輪廻転生
驚くべき現代の神話
J・L・ホイットソン/J・フィッシャー・著
片桐すみ子・訳 人文書院
 
第6章 宇宙という教室
B

 心身の障害やあらゆる個人の悲劇は、すべてカルマのなせるわざである。道徳的欠陥も、もつれたり抑圧されたりした感情も、将来転生したとき、病気や精神的外傷、恐怖症など、いろいろな障害の形をとってあらわれてくる。催眠は特定のカルマの状況を解明し、苦しみは自分の意志によるものだったという自覚――この自覚は治療のプロセスに不可欠なものである――をもたらしうるのである。カルマが果たされていなければ、常に問題が生じてくる。憂うべき事態が生じたとしても、それは単に自分自身で招いたせいでしかないのである。スチュワート・C・イーストンは『人智学からみた人間と世界』にこう書いている。

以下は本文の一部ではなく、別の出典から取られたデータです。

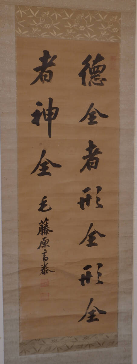 - 【大特価 お買得 掛軸】藤原高泰 書「徳全き者は形全く、形全き者 は神全し」紙本 署名落款有り 荘子 書道 道教 開運 風水 べらぼう 蔦屋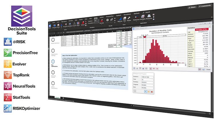 DecisionTools Suite facilitates integration with Microsoft Excel. It also offers tools such as TopRank that enable users to perform automated what-if sensitivity analysis and RISKOptimimzer that helps with risk optimization under uncertainty.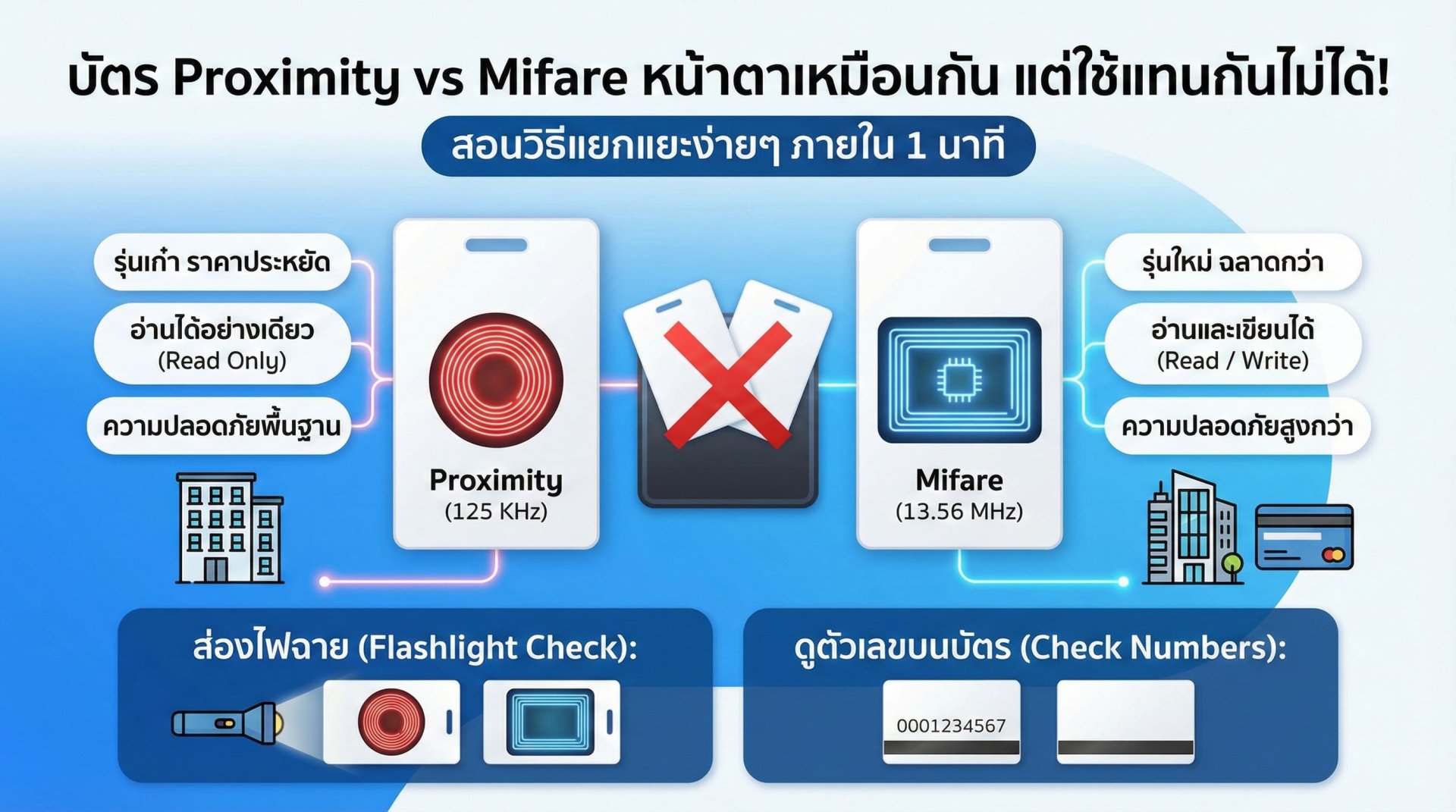 บัตร Proximity กับ Mifare หน้าตาเหมือนกัน แต่ใช้แทนกันไม่ได้! สอนวิธีแยกแยะง่ายๆ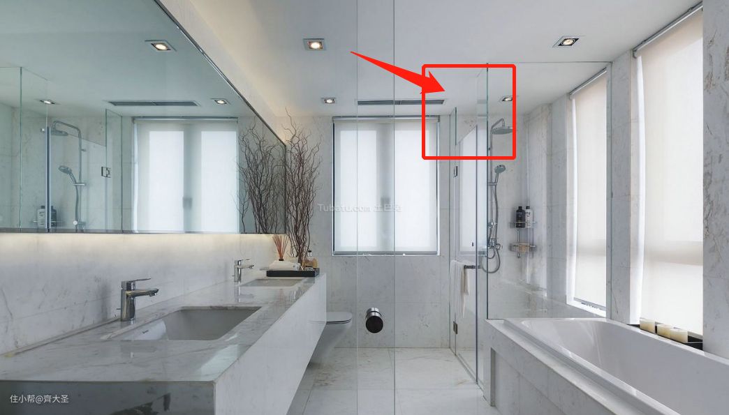无论是成品淋浴房还是定制的,切记不要为了颜值将淋浴房做到顶,起码开扇的位置不要通顶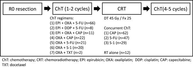 The majority of patients (n=66) received EPI and OXA with 5-FU. The other patients received EPI and DDP with 5-FU (n=8), EPI and OXA with capecitabine (n=11), OXA with 5-FU (n=21), S-1 with OXA (n=20), capecitabine with OXA (n=22), and docetaxel with OXA (n=2). Fluorouracil-based ChT was concurrently used with RT, which included a continuous intravenous infusion of 225 mg/m2 of 5-FU for 120 hours each week (n=47), 625 mg/m2 capecitabine twice daily during RT (n=62) or 40 mg/m2 S-1 b.i.d. daily during RT (n=29). The remaining patients (n=12) received RT without concurrent ChT in consideration of the toxicities and tolerance of treatment.

 「……この世の運命をなげき不運をかこつたびごとに、我々が非難することになるのは自分自身の選択であって、ひどい仕打ちをする気まぐれな神または神々の選択ではない。ゆえにカルマを知る者の犯してはならない悪徳は、嫉妬ということになる――それが他人の境遇に対してであろうと、他人の持つ才能や富や友人などに対してであろうと――なぜなら我々が手にしているのは、みずからが選びとったものであるからだ……。

 もし私たちがつらい人生を堪え忍ばなければならないとしても、かならずしも前世で悪いことをしたためとはかぎらない。一定の試練をうけて、将来の仕事やりっぱな業績にそなえているのかもしれないのだ。カルマのせいで、しなければならないことやかかわらねばならないことが生じはするが、カルマとは本質的には動機の存在を意味するものであり、ひいては自由意志を行使せざるを得なくするものなのだ。

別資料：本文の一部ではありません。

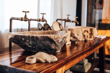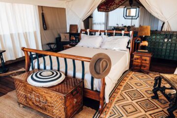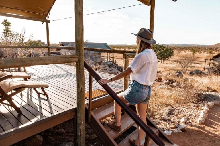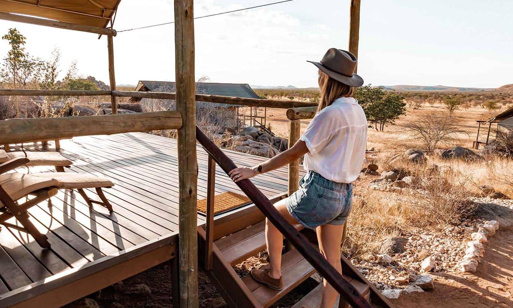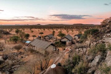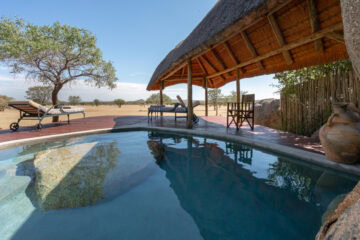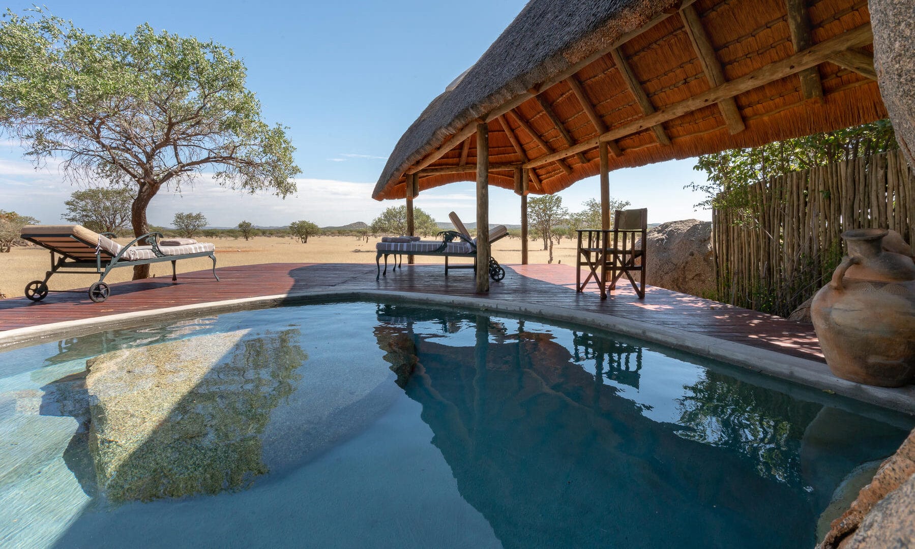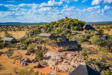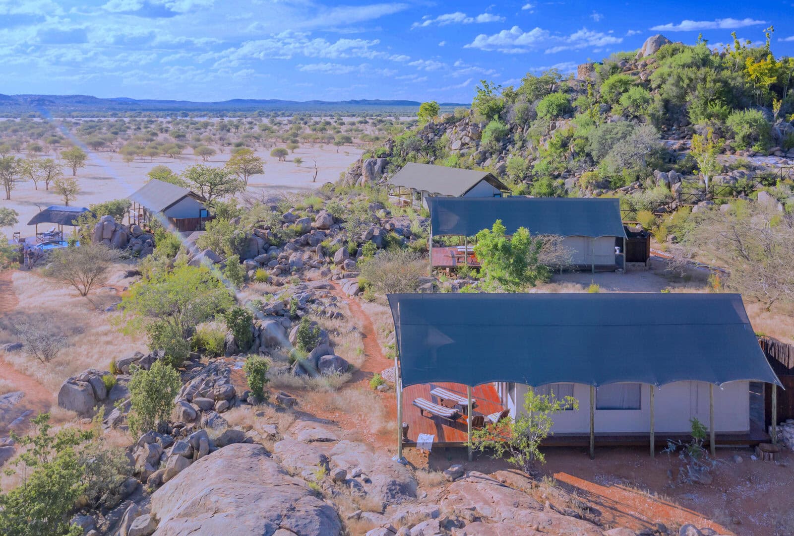 Designed and created to get guests as close to nature as they can get, the Ohorongo Tented Camp is intimate and tranquil. The wooden decks and thatched roofs reflect its authentic Namibian spirit, and the sustainable construction materials blend gracefully with the landscape’s granite monoliths. There is a swimming pool.

 人格を高めることのほか、技能や才能を向上させることも、カルマ的な成長のうちに含まれる。被験者が幾多の生涯をたどるうちに、どのようにして幼稚で自己中心的な人格から青年期の人格へ、ときには円熟した人格へとつづく長い道程を歩んでいくかをホイットン博士は知った。進歩はかならず意志の強さで決まる。また、いかにして才能が人生から人生へとひきつがれていくのかもわかった。今生での非凡な才能は、もとをたどればこれまでの転生で努力と専念をつみかさねてきた結果なのである。こうしてみると、偉大な政治家、音楽家、哲学者など世界の著名な人たちは、過去世で徐々にその能力を身につけ、つちかってきており、ついに実力者としての生涯においてその能力が実を結んだ、と推測するのは理にかなうことである。逆に、リーダーシップに欠けていたり組織力のない人は、前世でも歴史上有名な指導者ではなかったらしい、ということになる。

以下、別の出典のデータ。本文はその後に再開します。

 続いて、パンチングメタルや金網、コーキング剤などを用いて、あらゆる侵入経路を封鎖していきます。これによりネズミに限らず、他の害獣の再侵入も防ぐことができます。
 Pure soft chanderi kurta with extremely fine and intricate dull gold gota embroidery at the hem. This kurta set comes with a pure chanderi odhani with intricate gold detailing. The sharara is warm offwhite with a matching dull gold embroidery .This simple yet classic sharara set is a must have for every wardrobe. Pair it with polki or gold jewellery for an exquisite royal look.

 カルマは、人間の努力のどの領域にもあまねく働いている。ジョセフ・J・ウィードは、『神秘学の大師の知恵』で、カルマの法則の働きにおいて、原因と結果がつぎのようにあらわれてくると
述べている。

☆ 志を抱いたり望んだりすることは才能となる。
☆ くりかえし考えることは性癖になる。
☆ なしとげようとする意志は行動となる。
☆ 苦しい体験からは道義心が生まれる。
☆ 体験をくりかえせば知恵となる。